Mi músculo ventricular ha disfrutado y galopado desbocado, unas veces fruto de trabajo, tiempo y seducción, otras de acuerdos mercantiles de noches revolucionadas y oscuras. Lo he hecho en el asientos traseros, en las sillas de mis jefes, en las playas por el día y por noche, en la calle, en los portales de zapaterías y administraciones de lotería y por supuesto en camas. Incluso en aquellas que aun calientes y oliendo a otro me hicieron sitio más de una mañana. Consecuencia de este trajín, se ha fraccionado y ha perdido algunas esquirlas que como cristales azotados por el mar se han ido suavizando y ahora los paso de bolsillo en bolsillo sin querer desprenderme de ellas definitivamente. Quizás es por ello que desde hace tiempo no da muchas oportunidades a los sobresaltos y taquicardias, quizás por ello se alía con la lógica para la toma de ciertas licencias.

– El amor es una sensación no siempre reciproca. Y vivirlo recíprocamente es una de las mejores vivencias. Amor incondicional, amor de adulto.

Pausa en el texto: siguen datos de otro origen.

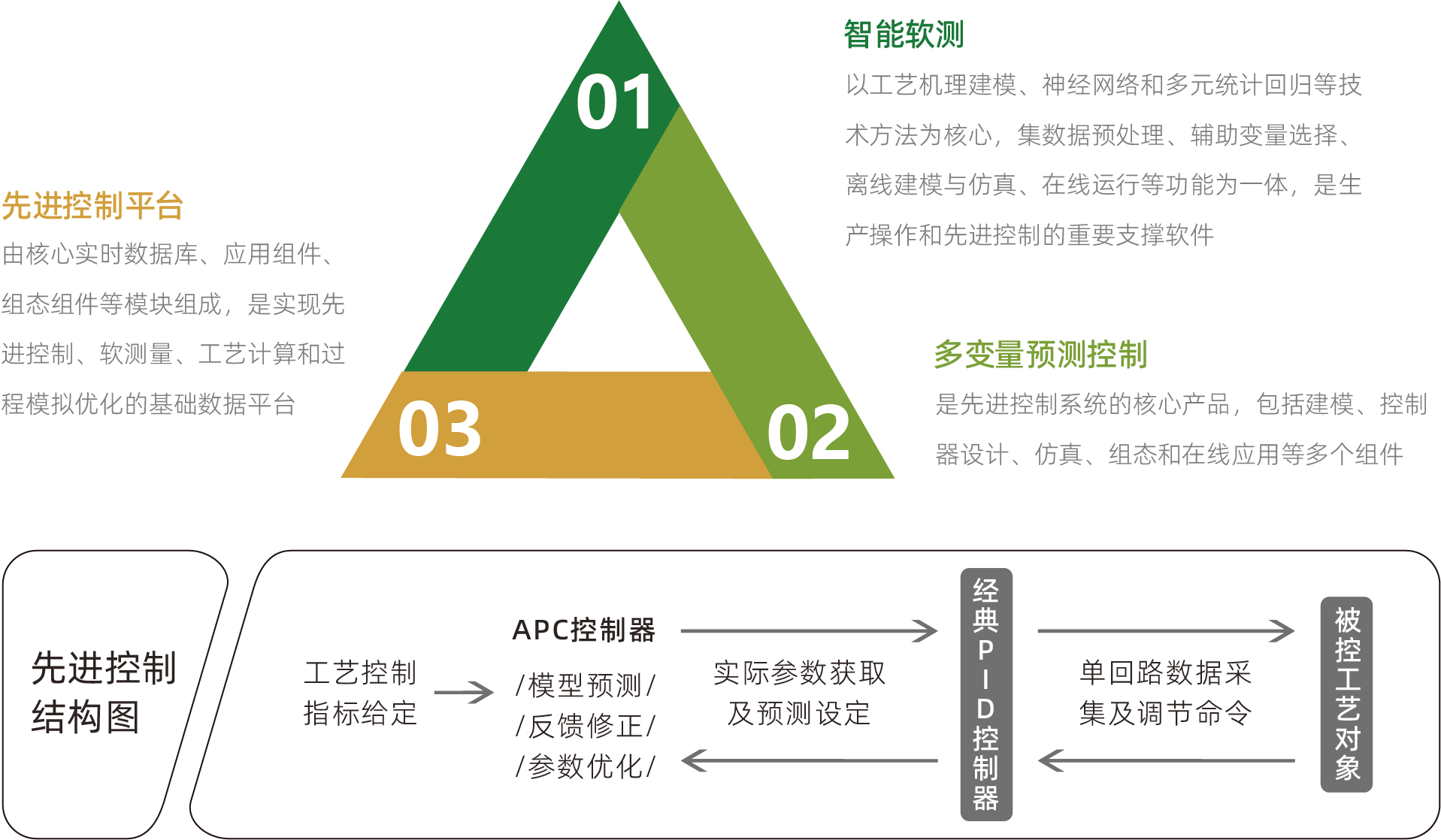 先进控制(APC)技术是流程工业企业智能工厂的核心技术之一,通常在DCS、PLC、FCS等计算机控制系统已有常规控制的基础上,采用多变量预测控制、智能控制、软测量和工艺计算等策略,提高复杂工业过程的控制品质、增强系统的抗干扰能力和鲁棒性、降低员工劳动强度,从而实现节能降本增效和提高企业综合竞争力。
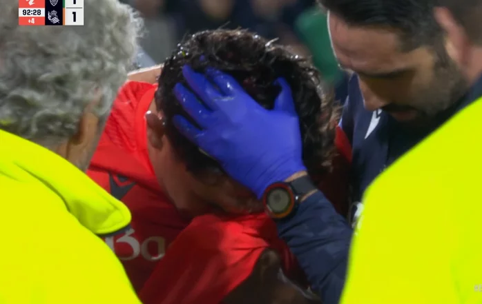 El lateral derecho venezolano de la Real Sociedad, Jon Mikel Aramburu, se ha tenido que retirar del terreno de juego del Martínez Valero durante el partido de este viernes contra el Elche, correspondiente a la jornada 12 de Liga, debido a un choque de cabezas con John Chtauya. El futbolista txuri urdin saltó a despejar un ablón, cuando su cabeza impactó con la del defensor del conjunto franjiverde. Tras ser atendido por los servicios médicos del club vasco, terminó abandonando el campo por su propio pie, algo aturdido, dejando su sitio a Aritz Elustondo a pocos minutos del final del partido.
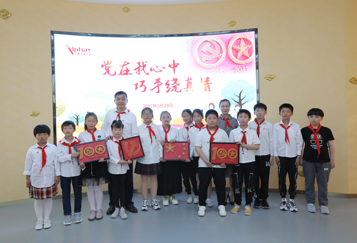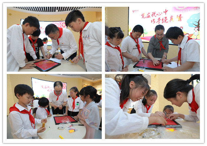 安惠江海志愿者還精心準備了“黨在我心中,巧手繞真情”的釘子繞線畫活動,用特殊的方式獻禮建黨100周年。陳惠董事長、陸漢萍副董事長、安惠江海志愿者陪同孩子們一起,用一個個釘子、一圈圈繞線做成黨旗、國旗、建黨100周年LOGO等,歌頌中國共產黨的光榮歷史和豐功偉績,表達偉大祖國繁榮昌盛的美好祝愿。
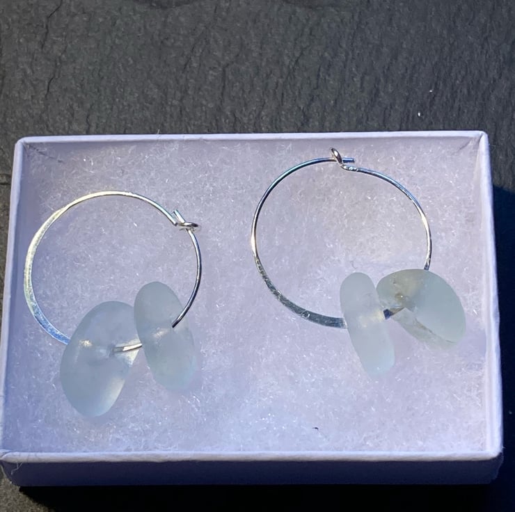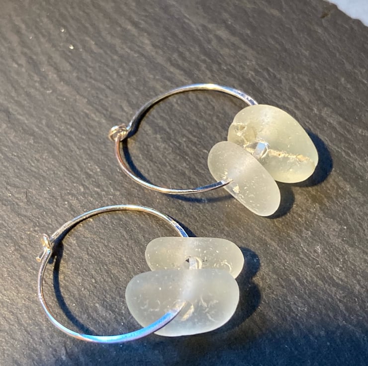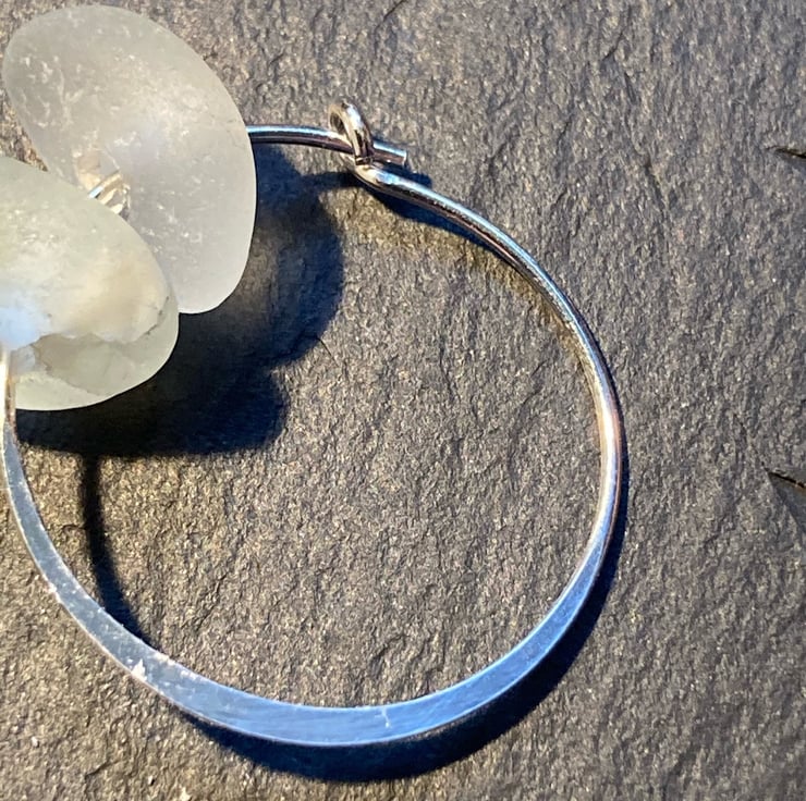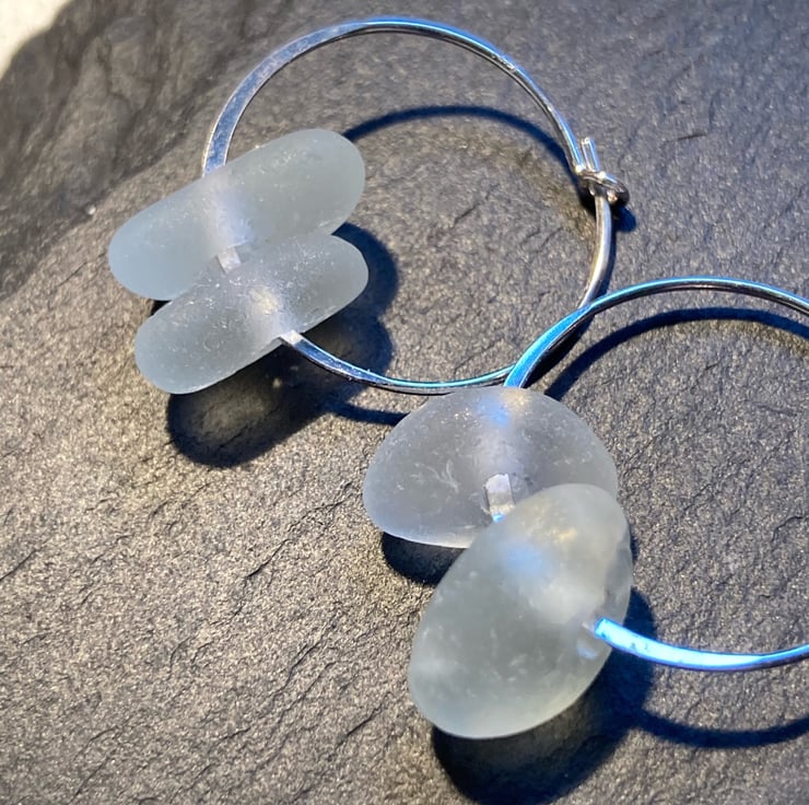 4 White Withernsea seaglass, near matching, pieces have been drilled and threaded onto a pair of sterling silver hoops, diameter approx 2cm to make a pair of unique earrings, suitable for any occasion.
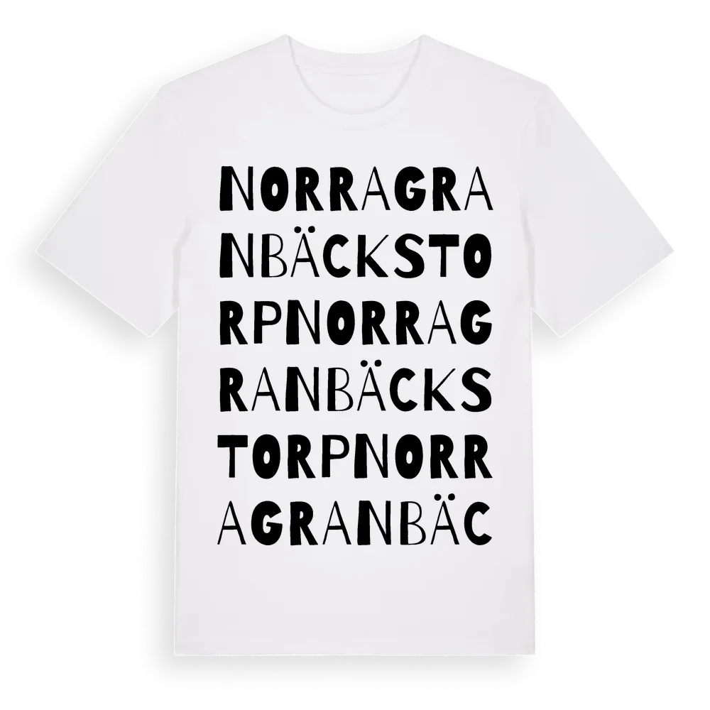 Norra Granbäckstorp ordlek t-shirt är inspirerad av Norra Granbäckstorp i Värmlands län, Sverige. Tröjan är designad för dig som har en speciell koppling till platsen – oavsett om du bor här, har rötterna här eller bara älskar Norra Granbäckstorp.
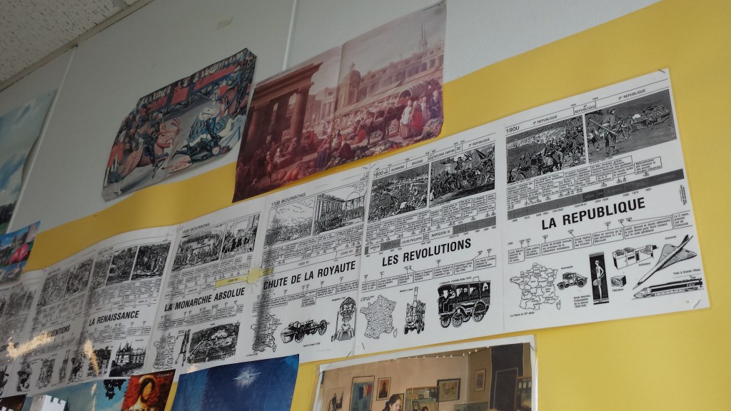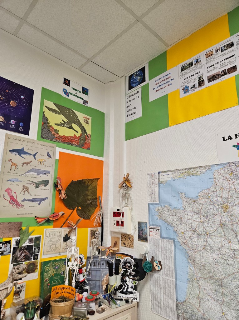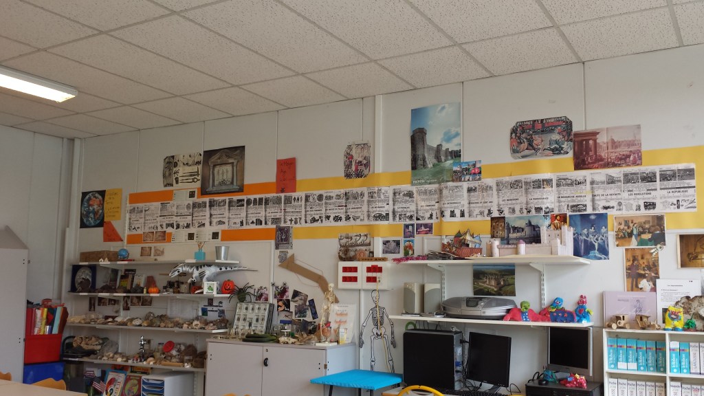 La frise est placée après le coin géographie et le coin sciences car cela me permet de faire le lien. Il faut 750 millions d’années entre l’apparition de la Terre il y a 4,5 milliards d’années et l’apparition de la vie. La photo satellite de la Terre et l’affichage aident à le comprendre.
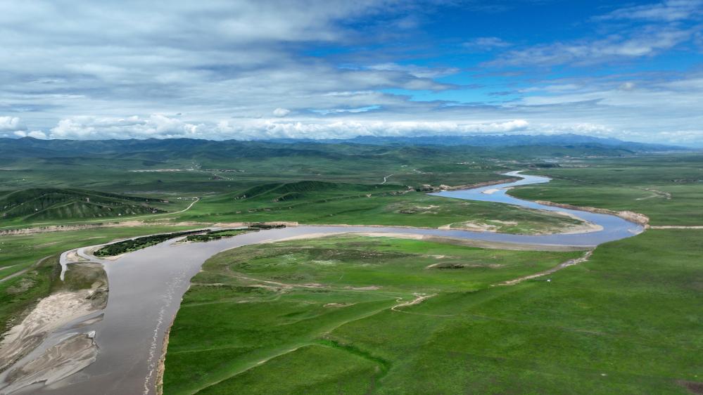 黃河流經(jīng)甘南藏族自治州瑪曲縣境內(nèi)(7月6日攝)。新華社記者 方欣 攝
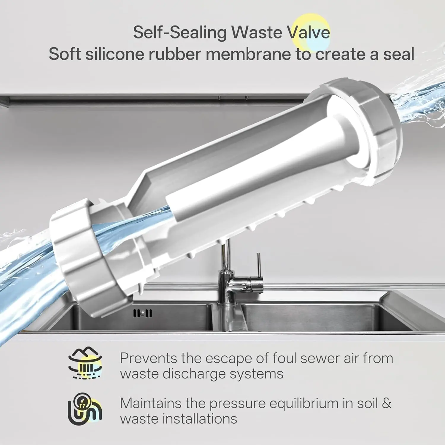 Admits Air: The waterless trap actively eliminates negative pressure within the waste system by opening and allowing in fresh air until a state of equilibrium with atmosphere is reached.This means that secondary venting of the waste system via the inclusion of air admittance valves in the waste system is no longer necessary.

Tengo mas planes y proyectos de los que puedo abarcar o a los que dedicarles el tiempo que merecen. El tiempo se lo lleva lo inmediato y mientras va pasando dedico poco a los verdaderamente vitales. A los que hoy hacen que mis ventrículos salten y se sobresalten a los que me hacen dormir como león en manada. No es lo que hago lo que me gustaría cambiar, no es lo que ya he hecho, ni lo que no he hecho. Mirando atrás no echo en falta nada por hacer ni nada por cambiar. Todo lo que quiero hacer esta en el futuro y hoy estoy acompañado de con quien lo quiero hacer.

_ Afrontemos otros Cuarenta, con ilusión.